There are of course different ways of framing the argument. Joe DiMaggio was a loveable figure, and A-Rod is borderline toxic, so of course people are going to find ways to criticize A-Rod just as they probably found excuses for DiMaggio.

A-Rod's postseason numbers were good up to a point. And although it's easy to say that it's a big coincidence, that it's too small a sample, he was a lot better in the postseason when he was young and theoretically didn't know any better in Seattle than when he was a Yankee and was supposed to excel.

A-Rod's career postseason line through the Yankees/Twins ALDS in 2004 was .361/.403/.611. Since that series it's .200/.310/.360. If you crunch his postseason numbers before and after Game 3 of the infamous 2004 ALCS the fun really begins: .436/.456/.709 in 55 abs before vs .185/.299/.348 in 92 abs after.

In his last three postseasons, A-Rod has been punched out 15 times in 44 abs.

You're more than welcome to say that this is overly selective, but isn't part of the fun of being a fan deriving meaning from performance? And in this case these are all the numbers we have. We're not talking about 2 for 20, we're talking about 17 for 92. And 17 for 92 isn't good.

Don't we judge superfluous athletes based on whether they reach the pinnacle of their sport? A-Rod hit 50 homers three years in a row for a last place team. Is that the pinnacle of the sport?

I wholeheartedly agree that if A-Rod pulls a Barry Bonds or a Peyton Manning the argument will end. But until that time, the number crunching non-athletes that write about Baseball like Rob Neyer are either just being contrary, or they're missing one of the fascinating stories of this era in baseball: the Babe Ruth of his generation's career will be defined partly by his inability to perform in the postseason as a Yankee.

Plus the guy that plays next to him made the most unbelievably intuitive, pube-boy-being- everywhere-on-the-field-play the sport has ever seen.

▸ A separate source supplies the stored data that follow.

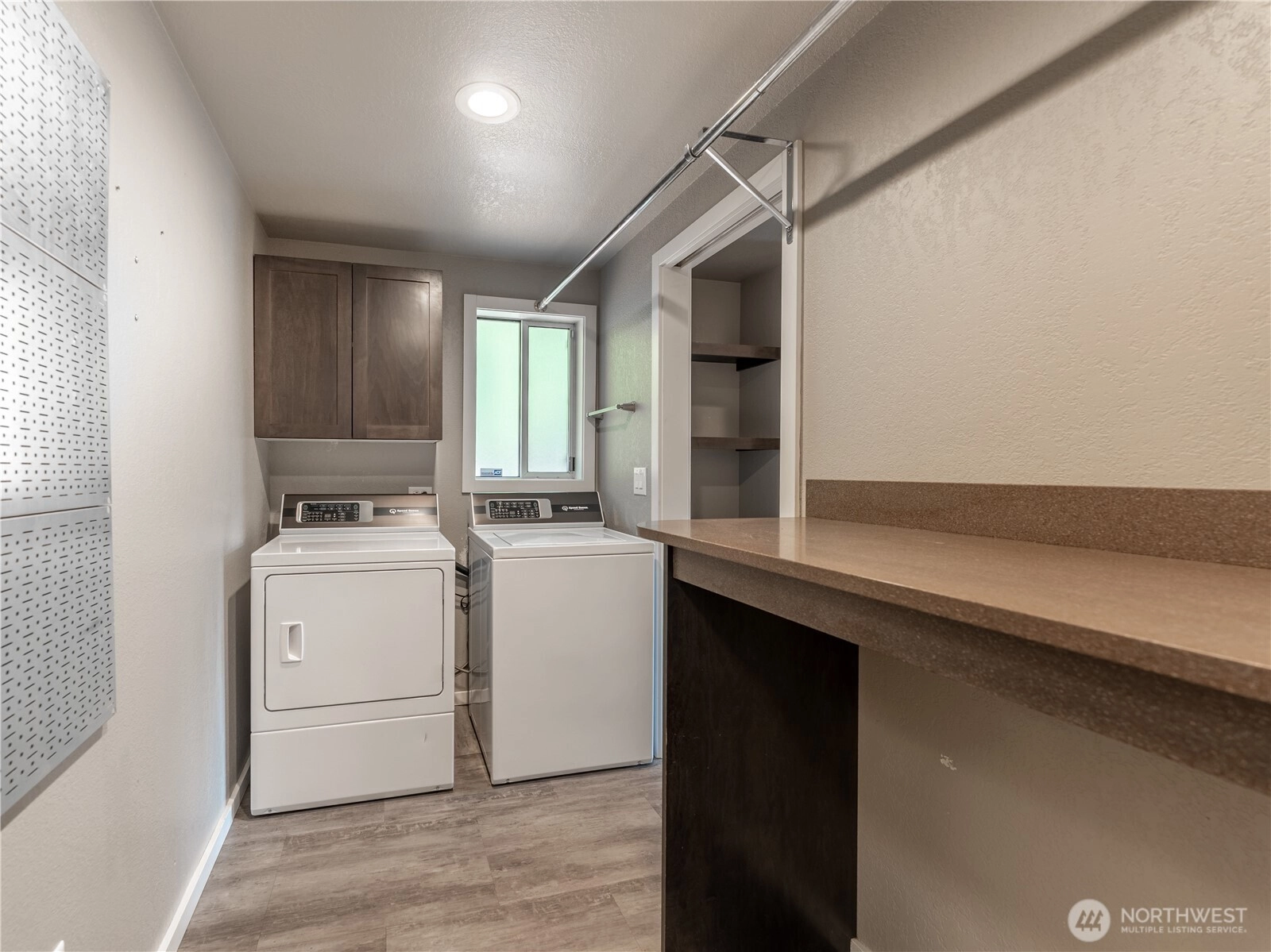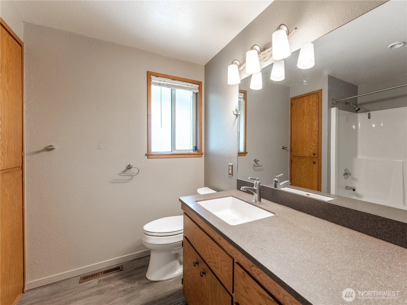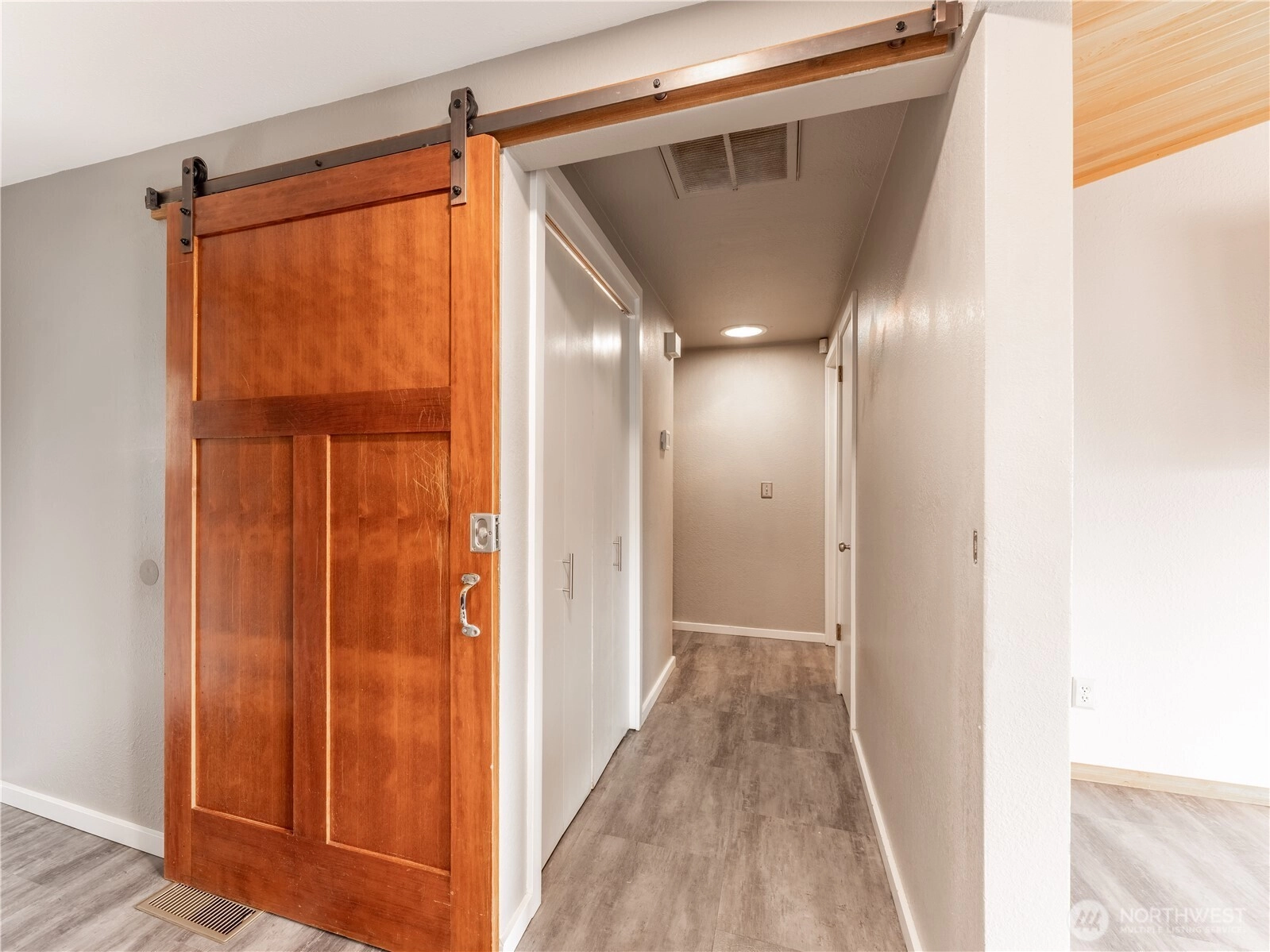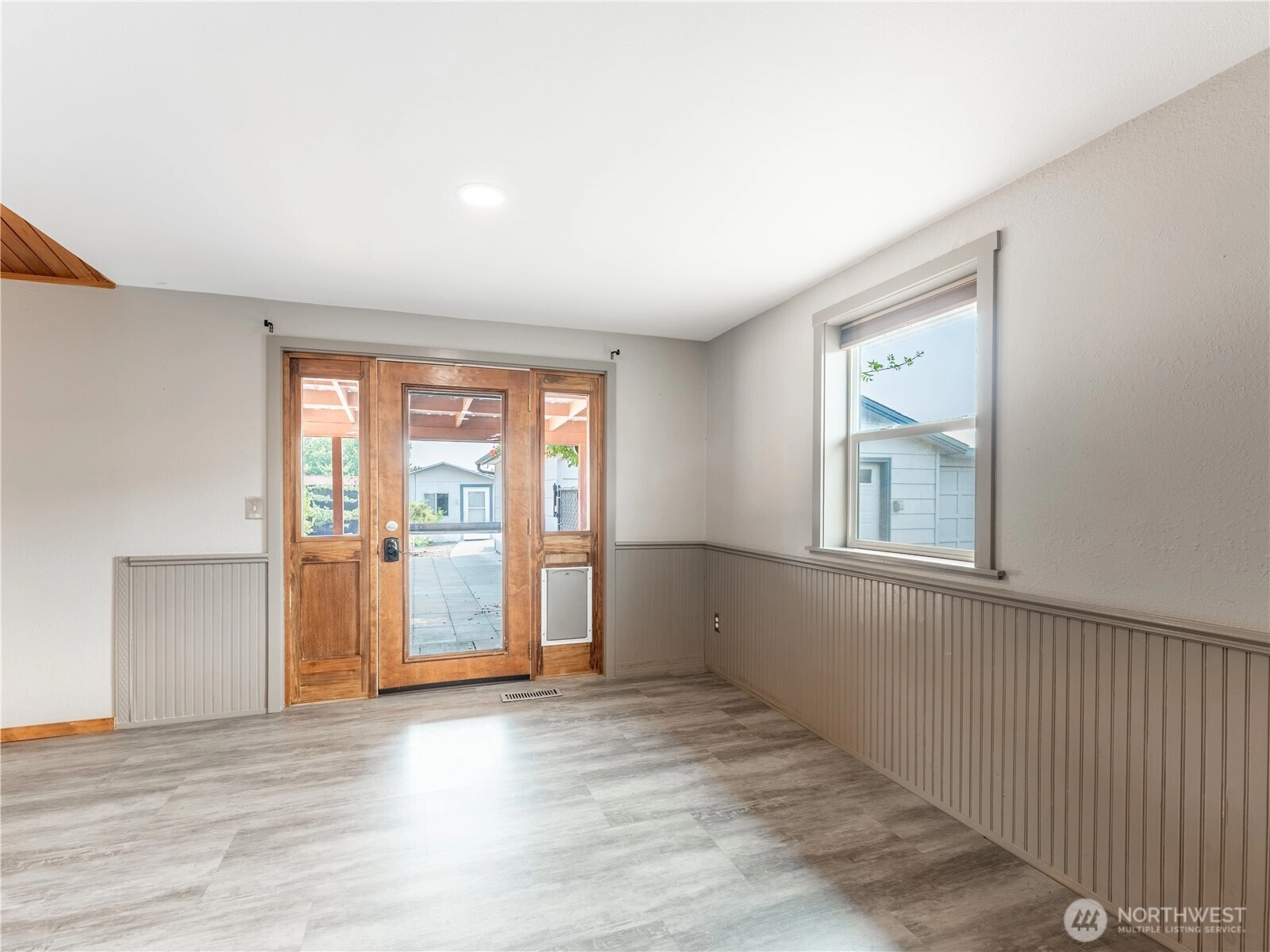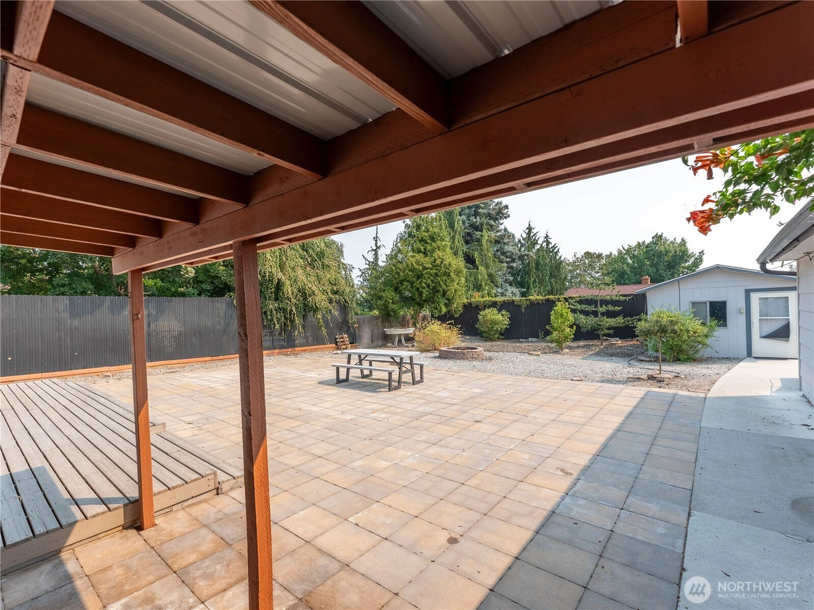 This beautifully remodeled 1,666 sq ft rambler sits on a 1/3-acre lot. The open-concept layout features vaulted ceilings, a cozy wood-burning fireplace, and durable LVP flooring—perfect for entertaining. The kitchen boasts stainless steel appliances, a gas cooktop, and plenty of counter space, complemented by quartz surfaces throughout. The spacious primary suite includes built-in closets, while the laundry room offers dual access from both the primary bathroom and hallway. Enjoy a private backyard for entertaining, along with RV parking with a 50-amp outlet, a detached 2+ car garage, separate office, multiple sheds, and a fully fenced yard with an electric gate for ultimate privacy.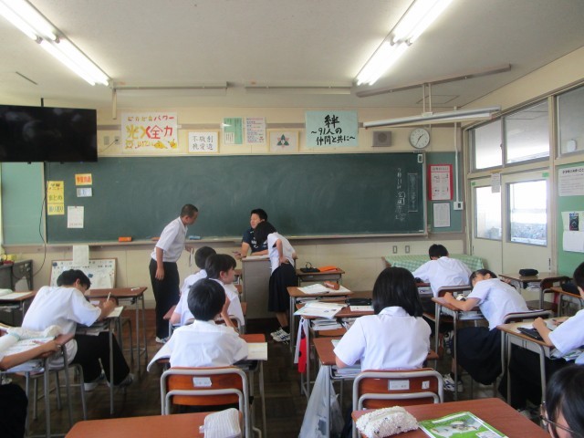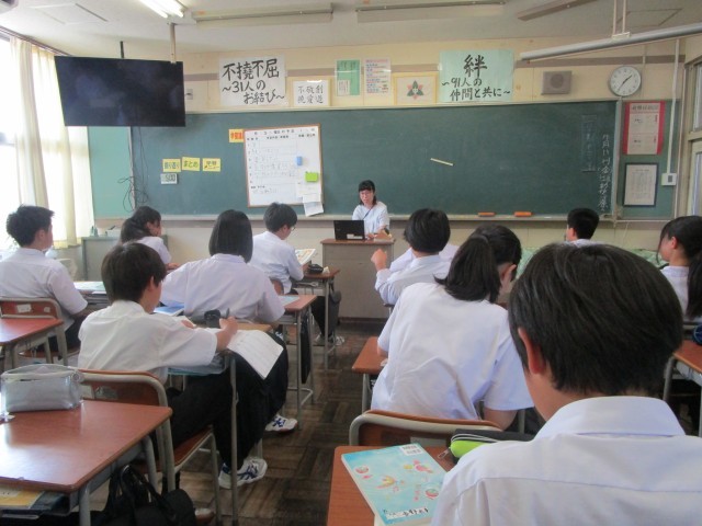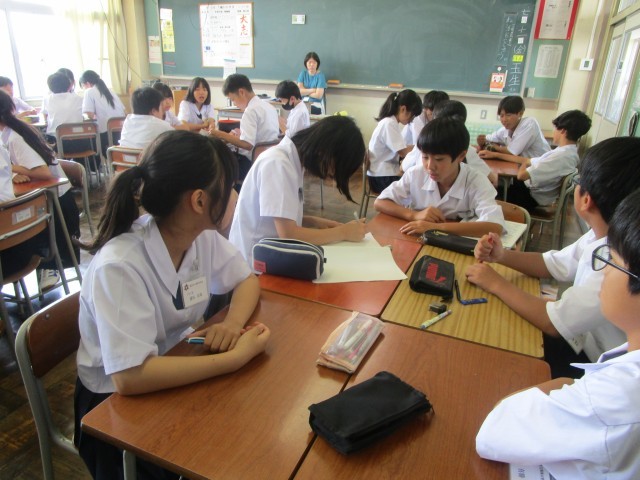 1年生の学級活動の様子です。1学期の活動の振り返りを行ったあとに、10月に実施する合唱コンクールの曲を決めるために候補曲を聞きました。1年生は、中学校に入って、最初のコンクールです。クラスで1つの曲を創り上げる大切な行事です。クラスの和が深まるといいですね。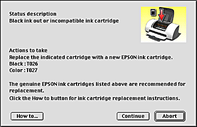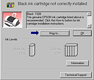 When the ink runs low or out, a How to button appears below the text box. Click How To and EPSON Status Monitor 3 will lead you step-by-step through the cartridge replacement procedure.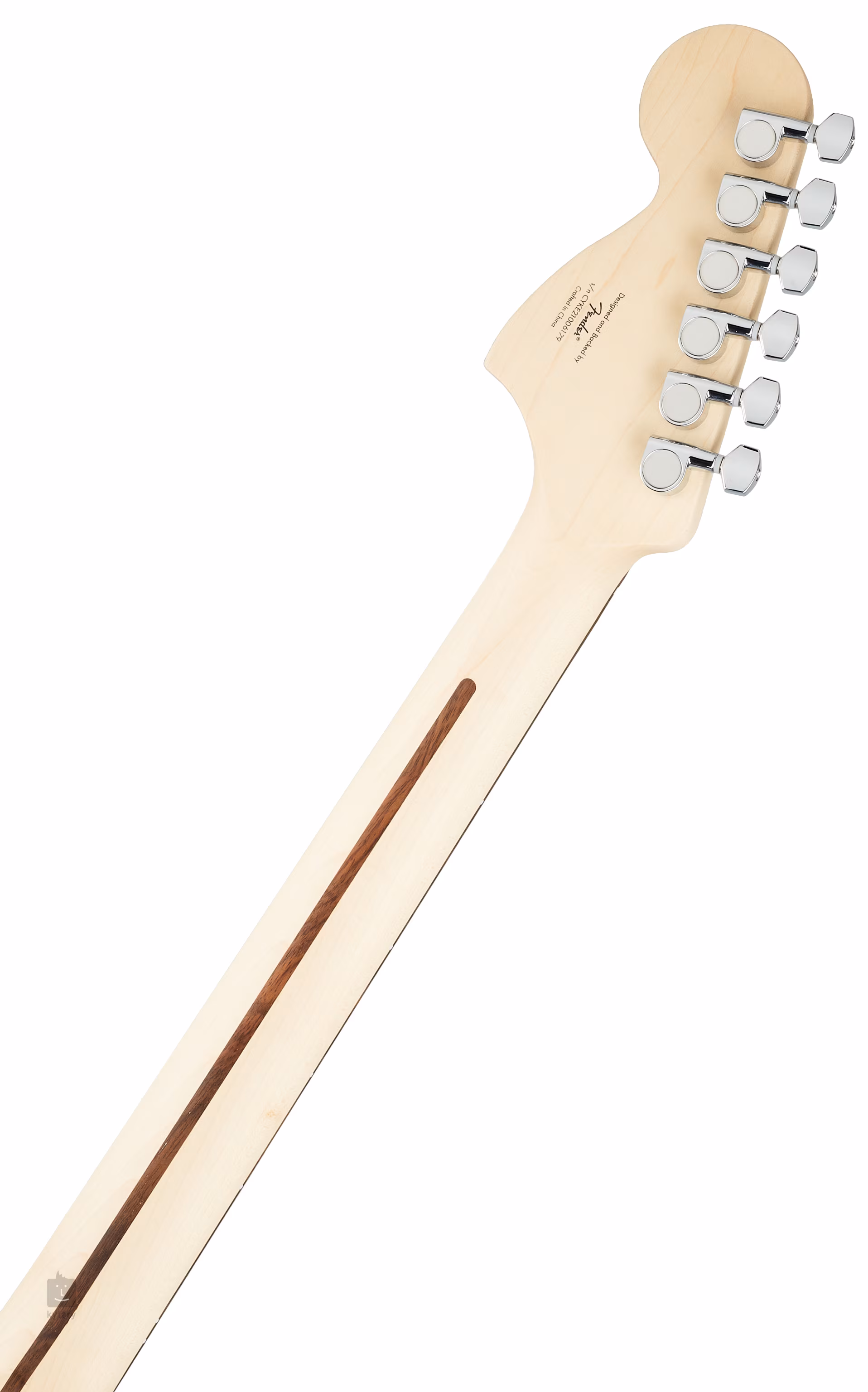 Affinity Series Stratocaster HH nabízí rockerskou úpravu se dvěma humbuckery s keramickými magnety namísto klasické single-coil konfigurace. Lehké topolové tělo nástroje zdobí zvolená barevná úprava a lesklý polyuretanový lak. K přišroubovanému javorovému krku je přilepen hmatník z fíkovníku, který u levnějších modelů standardně nahrazuje palisandr. Plochu hmatníku rozděluje jednadvacet pražců velikosti Medium Jumbo a bílé poziční tečky z imitace perleti. Příjemný užší „C“ profil krku zaručuje komfortní pohyb ruky po hmatníku a dobrý dohmat.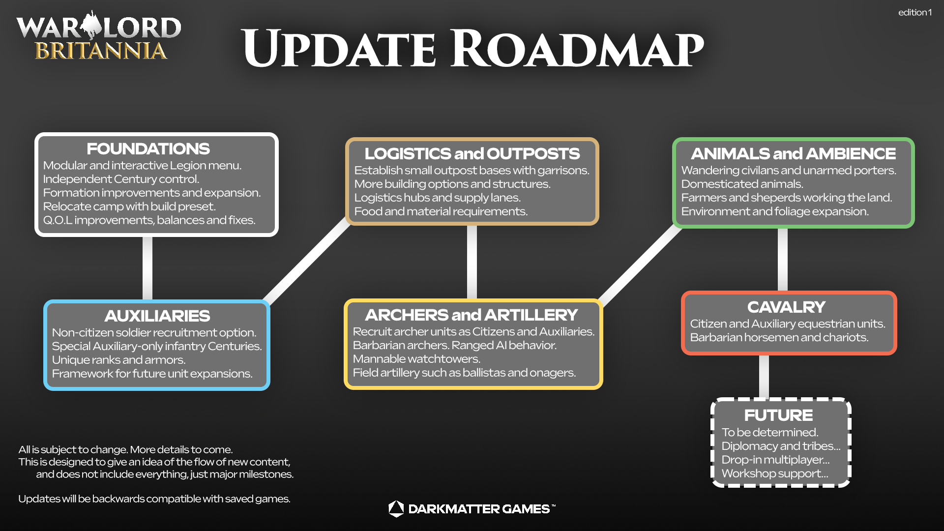 For quick reference, here is the Roadmap. Warlord Britannia is now heading towards the Auxiliaries update!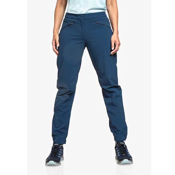 Schöffel Pants Hestad dámské modré turistické kalhoty. Multifunkční kalhoty Schöffel díky 4-směrnému strečování nabízejí maximální volnost pohybu, zatímco tvarovaná kolena zvyšují pohodlí. Budete tak perfektně oblečeni a připraveni na další túru. Navíc je elastický materiál rychleschnoucí a odolný. Turistické kalhoty od Schöffel se přizpůsobí každému pohybu a vy se můžete soustředit na další cestu. Elastický lem a pas poskytují extra dotek pohodlí na náročných túrách.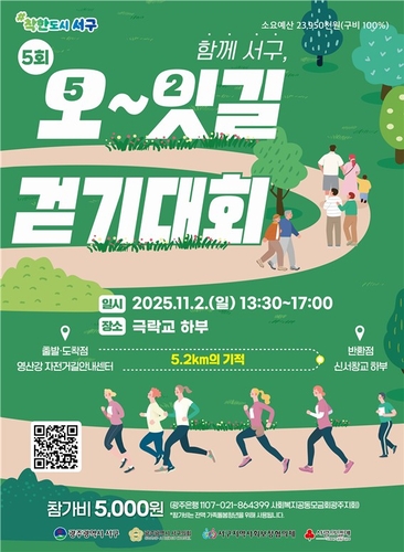 광주광역시 서구(구청장 김이강)는 11월2일 극락교 하부(서창둑길 377) 일대에서 '제5회 함께 서구, 오∼잇길 걷기대회'를 개최한다. '오잇길'은 '오(5)천원의 나눔으로 우리 이(2)웃의 희망을 잇는 5.2㎞의 길'이라는 의미로, 이번 대회는 가족돌봄청년을 지원하기 위해 열리는 서구 대표 주민참여형 나눔 축제다.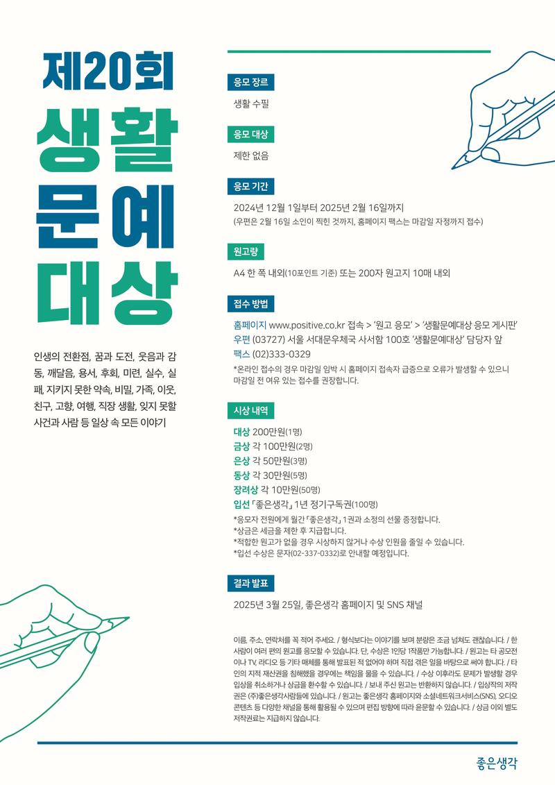 - 우편 : 03727 서울 서대문우체국 사서함 100호 ‘생활문예대상’ 담당자 앞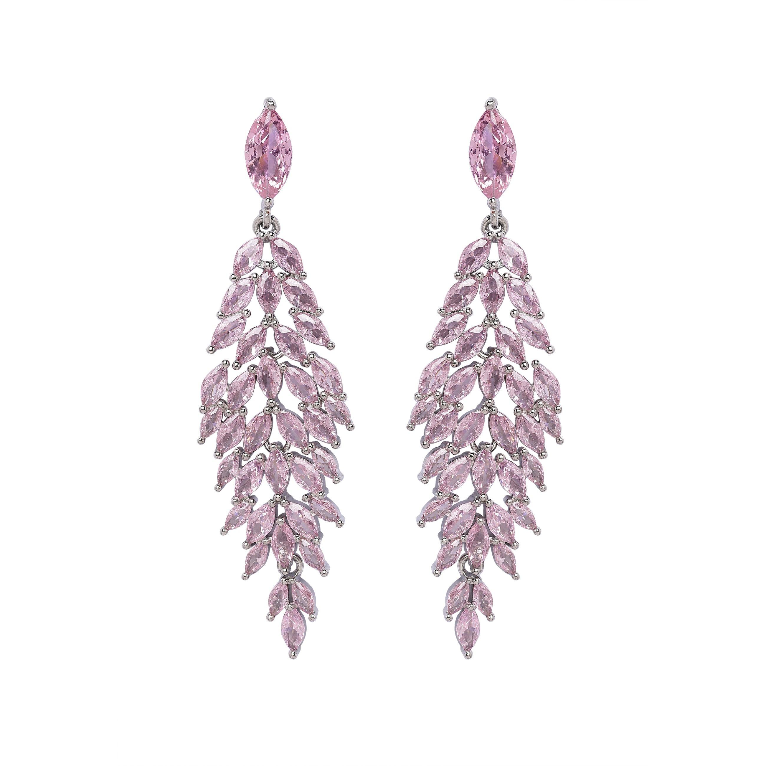 Reihen funkelnder rosa Steine erzeugen einen faszinierenden Wasserfall-Effekt, der das Licht einfängt und ein strahlendes Leuchten erzeugt. Diese Ohrringe sind ein echtes Statement-Piece, das Eleganz und Charme ausstrahlt und jedem Outfit einen Hauch von Romantik und Raffinesse verleiht. Größe: 1,6 cm x 6,0 cm | Beschichtung: Rhodium-plattiert | Verschluss: Stecker und Rückseite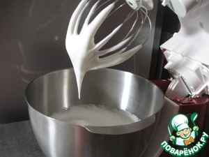 Для меренги взбиваем охлажденные белки со щепоткой соли, затем медленно всыпаем сахар и когда белки уже хорошо подняты добавляем цедру и еще взбиваем несколько секунд. Если при поднятии венчика, мы видим вот такой клювик, значит наша меренга хорошо взбита.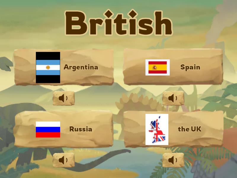 1) British a) Argentina b) Spain c) Russia d) the UK 2) Russian a) France b) Turkey c) the UK d) Russia 3) Spanish a) Germany b) the USA c) China d) Spain 4) French a) France b) China c) the UK d) Italy 5) Polish a) China b) Poland c) the UK d) Argentina 6) Chinese a) the UK b) Poland c) France d) China 7) Italian a) Argentina b) Spain c) Italy d) Poland 8) Argentinian a) France b) Turkey c) Argentina d) the UK 9) American a) China b) the USA c) Turkey d) Germany 10) German a) Germany b) Turkey c) France d) the UK 11) turkish a) Argentina b) the USA c) China d) Turkey

The teams he led won every year, and the teams A-Rod leads never win. He shows up on the scene, and the team is immune to winning important games. The team collapses in a fashion that no team in the history of the sport has duplicated. That's the story.

Joe DiMaggio's career postseason line of .272/.338/.422 is a far cry from his career line of .325/.398/.579, however, in Joe DiMaggio's day a huge part of being clutch meant leading your team to the World Series and winning it, with fewer postseason series the regular season meant more. In 13 major league seasons, Joe DiMaggio's Yankees appeared in 10 World Series and won it 9 times.

I'm not sure Joe DiMaggio should be characterized as a lousy postseason performer.

The fun part may be yet to come. A-Rod's stacked Yankee teams should continue to make the postseason with the regularity of DiMaggio's stacked Yankee teams, so A-Rod should have plenty of opportunities to silence his critics.

I really hope he doesn't. I hate that guy.